A Peer-to-Peer Architecture for Scalable Web Search and Information Retrieval

A Peer-to-Peer Architecture for Scalable Web Search and Information Retrieval

Torsten Suel, Chandan Mathur, Jo-Wen Wu, Jiangong Zhang
CIS Department
Polytechnic University
Brooklyn, NY 11201
Alex Delis, Mehdi Kharrazi, Xiaohui Long, Kulesh Shanmugasundaram
CIS Department
Polytechnic University
Brooklyn, NY 11201

Contact email address: suel@poly.edu

Keywords

Peer-to-peer systems, search engines, combining fuzzy information, information retrieval.

1. INTRODUCTION

Most major search engines are currently based on cluster architectures, with large numbers of low-cost servers located at one or a few locations and connected by high-speed LANs [2]. Recently, there has been a lot of interest in using peer-to-peer (P2P) architectures to provide large-scale services, and several groups have proposed scalable substrates for P2P applications [10,12,14,17].

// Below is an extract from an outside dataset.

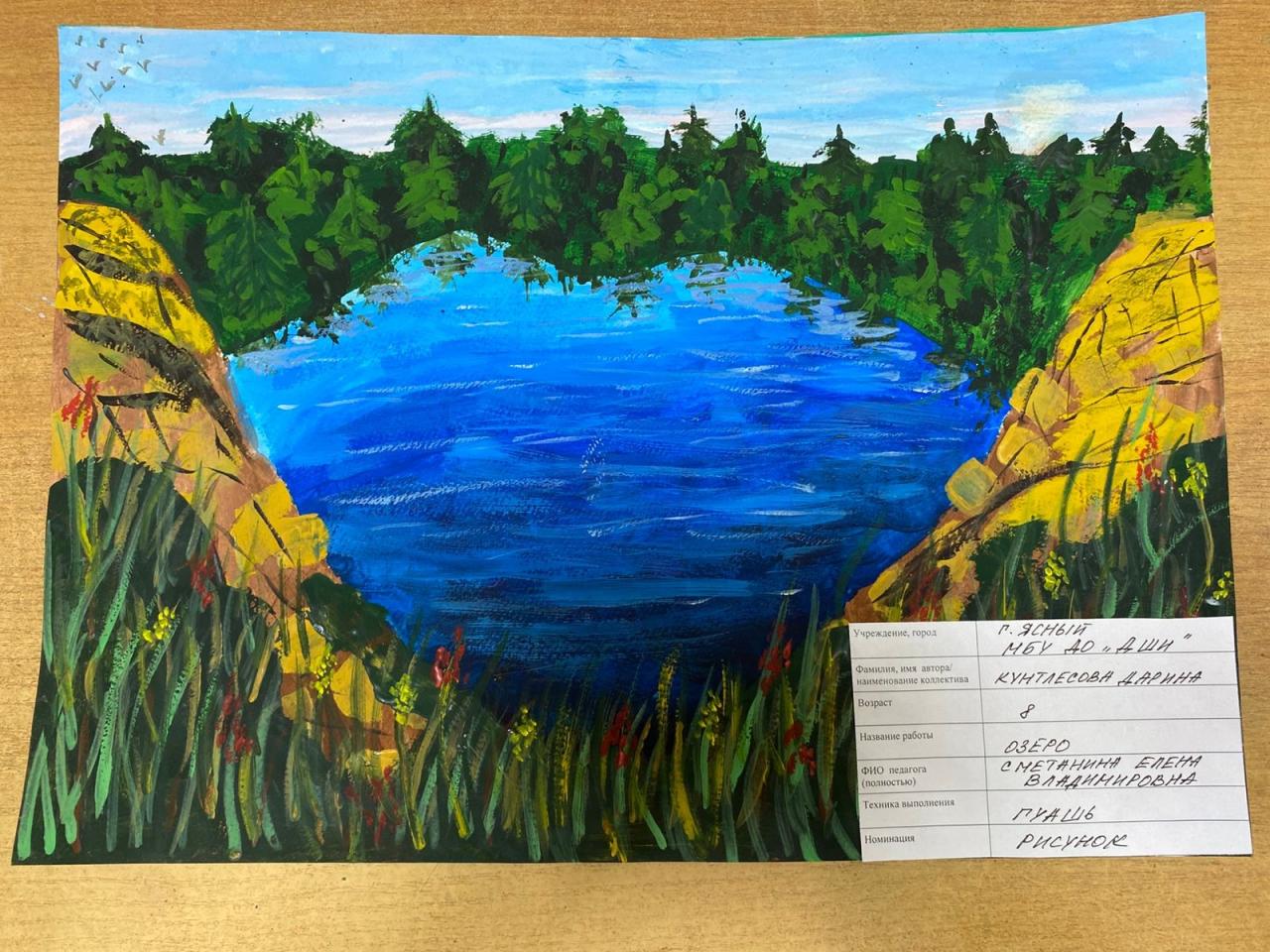 | 128 | Кунтлесова Дарина | В обработке | "Озеро" | Рисунок | Сметанина Елена Владимировна | Принята | Фото работы |
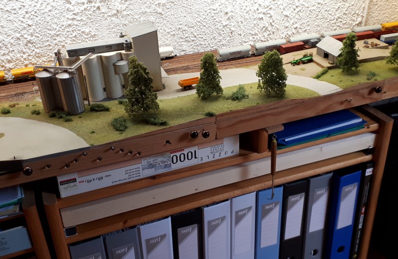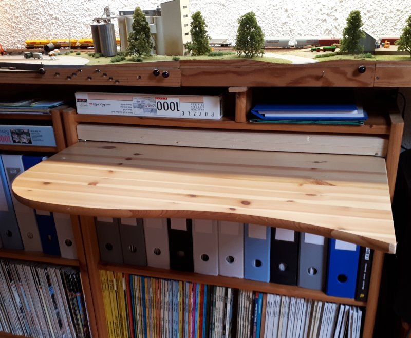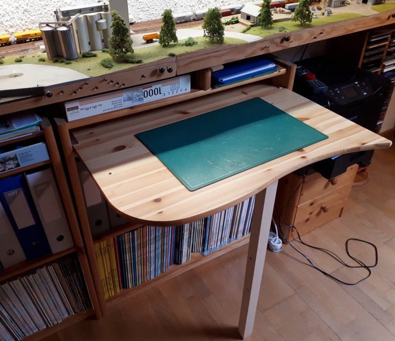 Un peu de menuiserie pour changer ! J'avais une table de cuisine qui me servait de bureau de bricolage devant le côté gauche du réseauCe n'était pas pratique pour jouer car son encombrement me gênait pour l'exploitation Néanmoins elle était bien pratique quand j'en avais besoin... |

Here, we study the problem of building a P2P-based search engine for massive document collections on top of such a substrate. We describe a prototype system called ODISSEA (Open DIStributed Search Engine Architecture) that is currently under development in our group. ODISSEA provides a highly distributed global indexing and query execution service that can be used for content residing inside or outside of a P2P network. ODISSEA is different from most other approaches to P2P search in that it assumes a two-tier search engine architecture and a global index structure that is distributed over the nodes of the system. In this short paper, we give an overview of the proposed system and discuss some basic design choices. We also discuss some preliminary simulation results for distributed query processing on a terabyte-size web page collection that indicate good scalability for our approach. An expanded version of this paper appears in [15], and updated information is available here.

2. ODISSEA DESIGN OVERVIEW

ODISSEA is a distributed global indexing and query execution service, i.e., a system that maintains a global index structure under document insertions and updates and node joins and failures, and that executes simple but general classes of search queries in an efficient manner. This system provides the lower tier of a proposed two-tier search infrastructure. In the upper tier, there are two classes of clients that interact with this P2P-based lower tier:

  1. Update clients insert new or updated documents into the system, which stores and indexes them. Update client could be crawlers inserting crawled pages, web servers pushing documents into the index, or nodes in a file sharing system.
  2. Query clients design optimized query execution plans, based on statistics about term frequencies and correlations, and issue them to the lower tier. Ideally, query clients should be able to use or implement various different ranking methods.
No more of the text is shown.